Dataset records

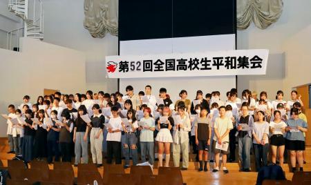 高校生らが平和について学び交流する「全国高校生平和集会」が8日、長崎市で開かれ「政府の行為で再び戦争の惨禍が起こらないようにすると決意する」との決議をまとめた。15都道府県とドイツから約140人が参加。5日には広島市でも約150人が集った。2005年以来、20年ぶりに両市で開催した。
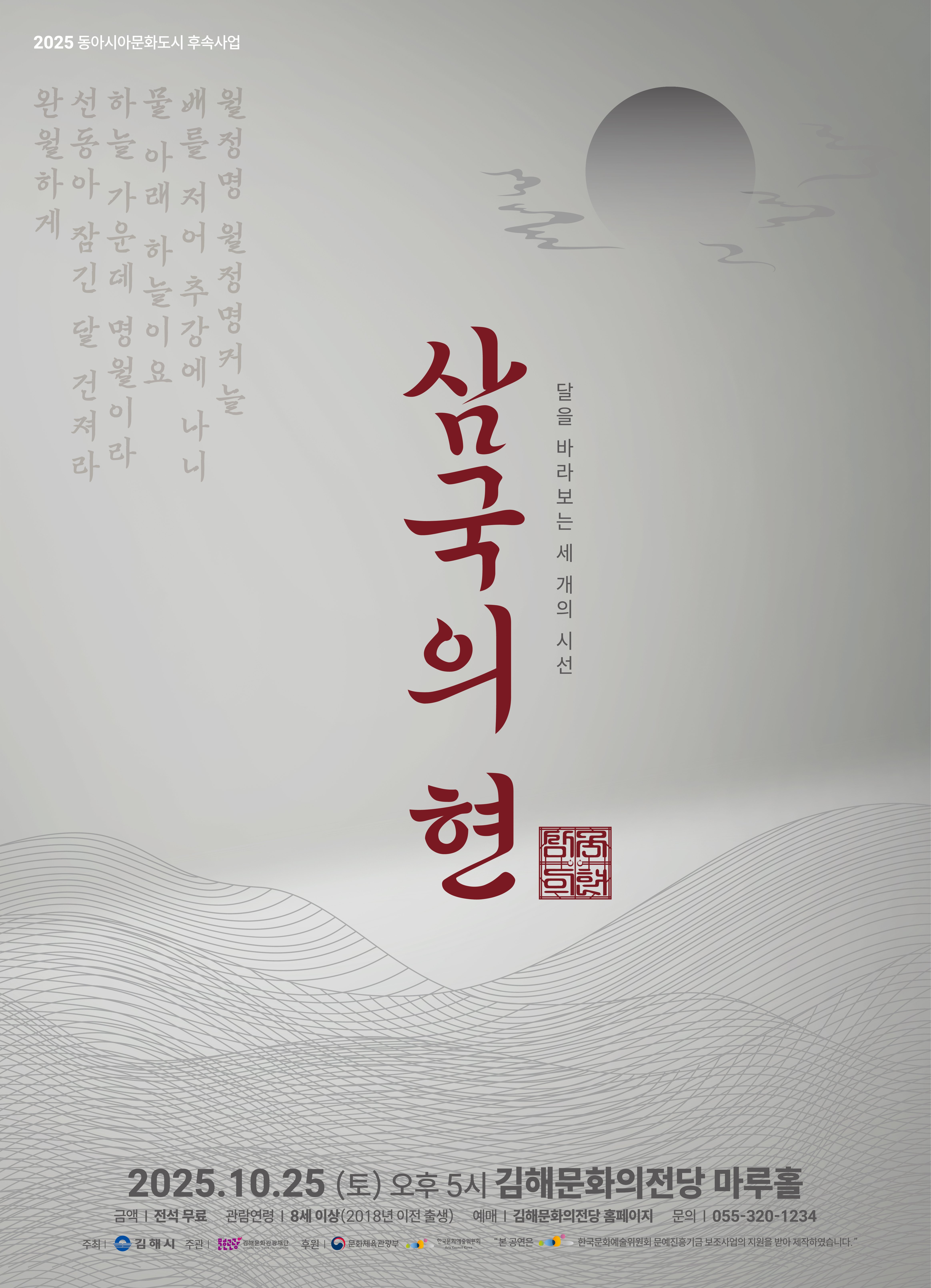 2024년 삼국의 현 – 달을 바라보는 세 개의 시선 공연 (사진제공=김해시) [PEDIEN] (재)김해문화관광재단 김해문화의전당이 한국, 중국, 일본 세 나라의 전통 현악 예술을 한데 모은 특별 공연 ‘삼국의 현’을 오는 25일 오후 5시 마루홀에서 선보인다.이번 공연은 2024 동아시아문화도시 김해 선정을 기념해 마련되었던 기존 무대의 후속 사업이다. 가야금의 고장 김해를 중심으로 중국의 고쟁과 일본의 고토가 어우러지며 동아시아 현악 예술의 교차점을 형상화하는 데 초점을 맞췄다.‘삼국의 현’은 세 나라의 전통을 현대적 감각으로 재해석하여 깊고 풍성한 울림을 전한다. 특히 이번 무대는 기존의 예술적 완성도에 대중성과 시각적 확장성을 더해 더욱 새롭고 풍성한 형태로 관객을 만날 예정이다.각국은 전통 시가와 감정을 현악 선율에 담아낸다. 한국은 시조 ‘월정명’의 풍류와 자연의 미를, 중국은 이백의 한시 ‘관산월’에 담긴 군사의 기개와 향수를 표현한다. 일본은 마쓰오 바쇼의 ‘하이쿠’를 통해 무상과 경외의 감정을 각국의 전통 악기로 전달한다.단순한 연주를 넘어 다층적인 무대 연출이 주목된다. 가야금, 거문고, 고쟁, 고토, 샤미센 등 동아시아를 대표하는 현악기의 선율을 중심으로 무용과 영상이 결합된다.즉흥 연주와 디제잉, 군무가 조화를 이루며 ‘달의 탄생에서 차오름까지’의 여정을 상징적으로 그려낸다. 이를 통해 세 나라의 예술 세계가 교차하는 환상적인 장면을 관객에게 선사할 전망이다.이태호 김해문화관광재단 문화예술본부장은 “서로 다른 문화가 공감으로 이어지고 전통과 현대가 함께 호흡하는 뜻깊은 무대”라며 “김해가 동아시아 예술 교류의 장으로 거듭나는 계기가 될 것”이라고 기대감을 밝혔다.한편, 공연에 앞서 지난 11일부터 25일까지 김해문화의전당 로비에서는 공연에 사용되는 각국의 전통 현악기를 미리 체험할 수 있는 ‘삼국의 현 로비 전시’가 진행 중이다.이번 특별 공연은 김해시가 주최하고 김해문화관광재단이 주관하며, 문화체육관광부와 한국문화예술위원회가 후원한다. 전석 무료로 진행되며, 자세한 내용은 김해문화의전당 홈페이지를 통해 확인할 수 있다. -
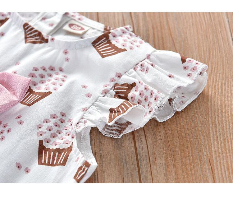 ユーモアクマ新しい女の子セットノースリーブ夏アイスクリーム弓トップ Tシャツ + パンツ 2 個スーツ幼児子供服
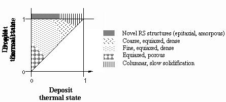 (3) Porosity either within or on the surface of the deposit can be reduced or eliminated by spraying high liquid fraction droplets onto a sufficiently high hot deposition surface. However, the substrate temperature cannot be so high as to cause neighboring splats to merge. This will degrade lamination uniformity.
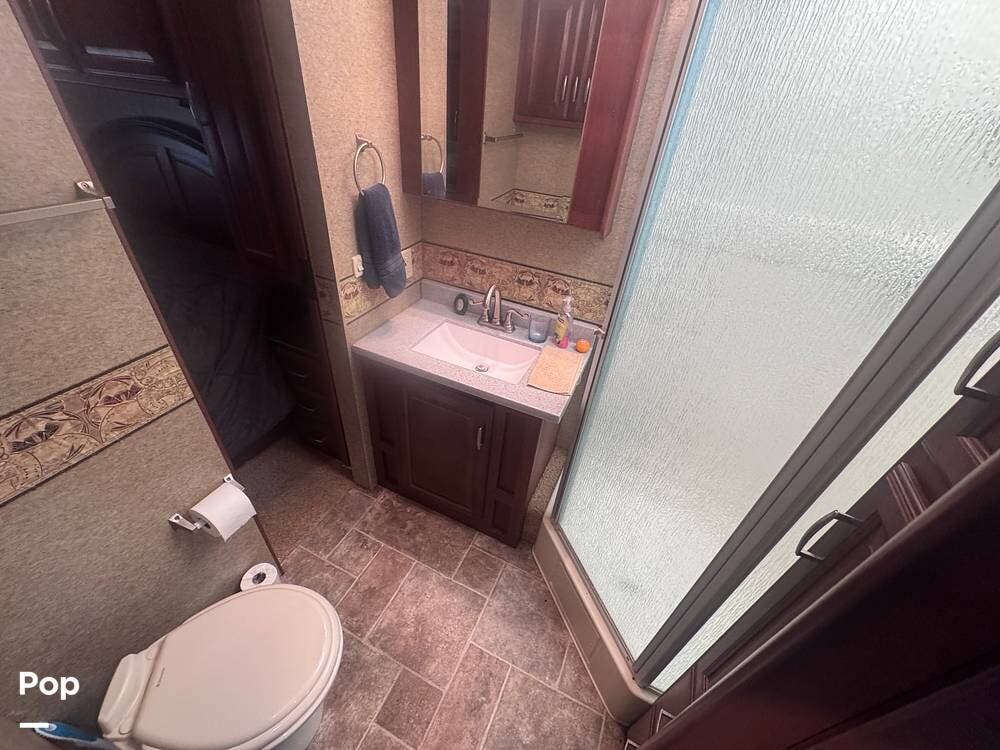 The bathroom offers a spacious, well-appointed setup with quality finishes, providing comfort and convenience wherever the road takes you.
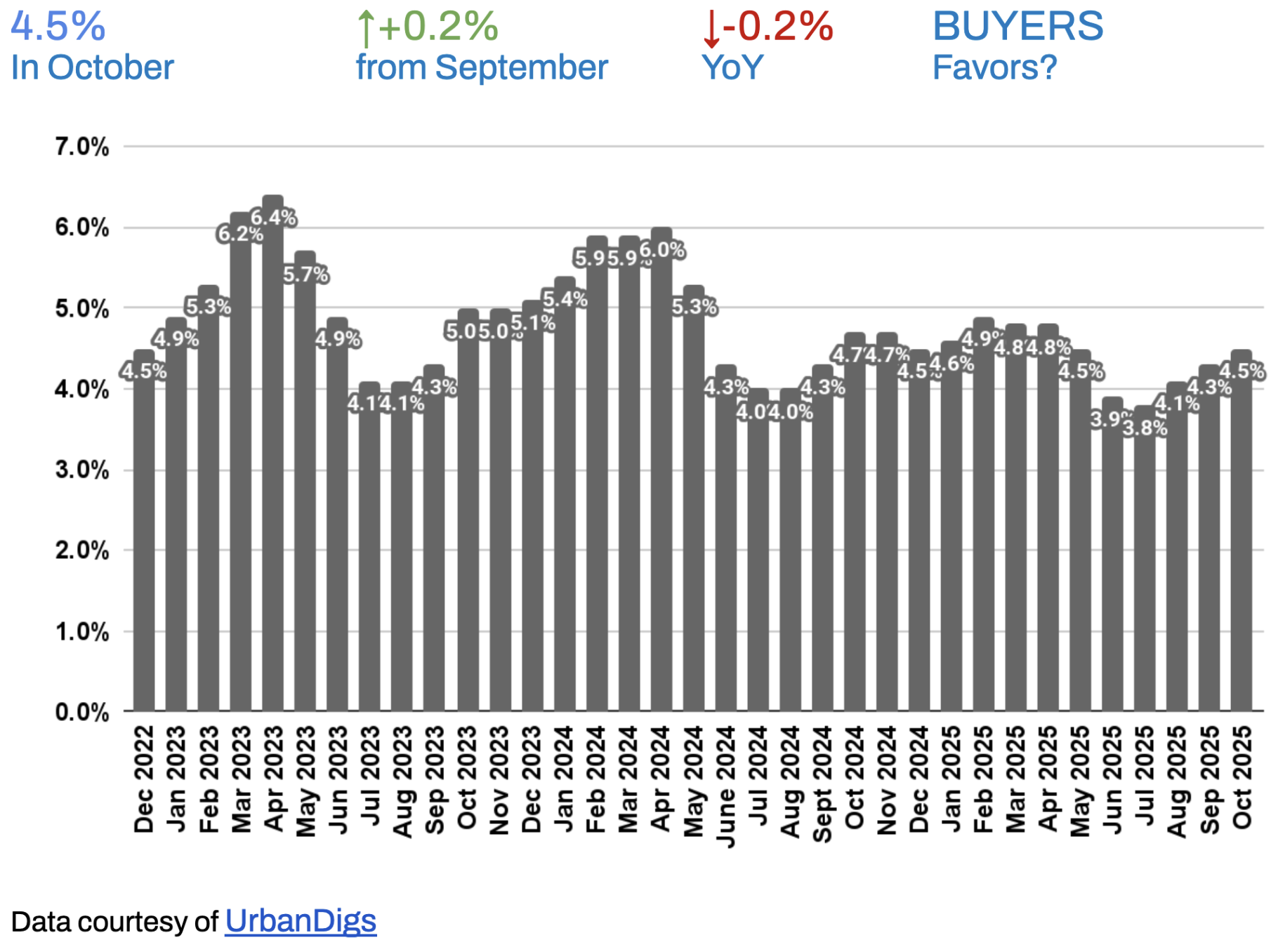 We anticipate a quieter final two months of 2025. Looking further out, the fact that contract activity was up year-over-year in October (+5.3% YoY) is a positive sign for underlying demand going into 2026. Barring any economic shocks, buyer interest should remain relatively healthy next year – but expect a slow start in the deep winter before the market wakes up for the spring cycle.

Prompt
With the pictures omitted, copy the entries above exactly from the line containing "(3) Porosity either" through the line containing "The bathroom offers", both lines included.

Your solution
 (3) Porosity either within or on the surface of the deposit can be reduced or eliminated by spraying high liquid fraction droplets onto a sufficiently high hot deposition surface. However, the substrate temperature cannot be so high as to cause neighboring splats to merge. This will degrade lamination uniformity.
 The bathroom offers a spacious, well-appointed setup with quality finishes, providing comfort and convenience wherever the road takes you.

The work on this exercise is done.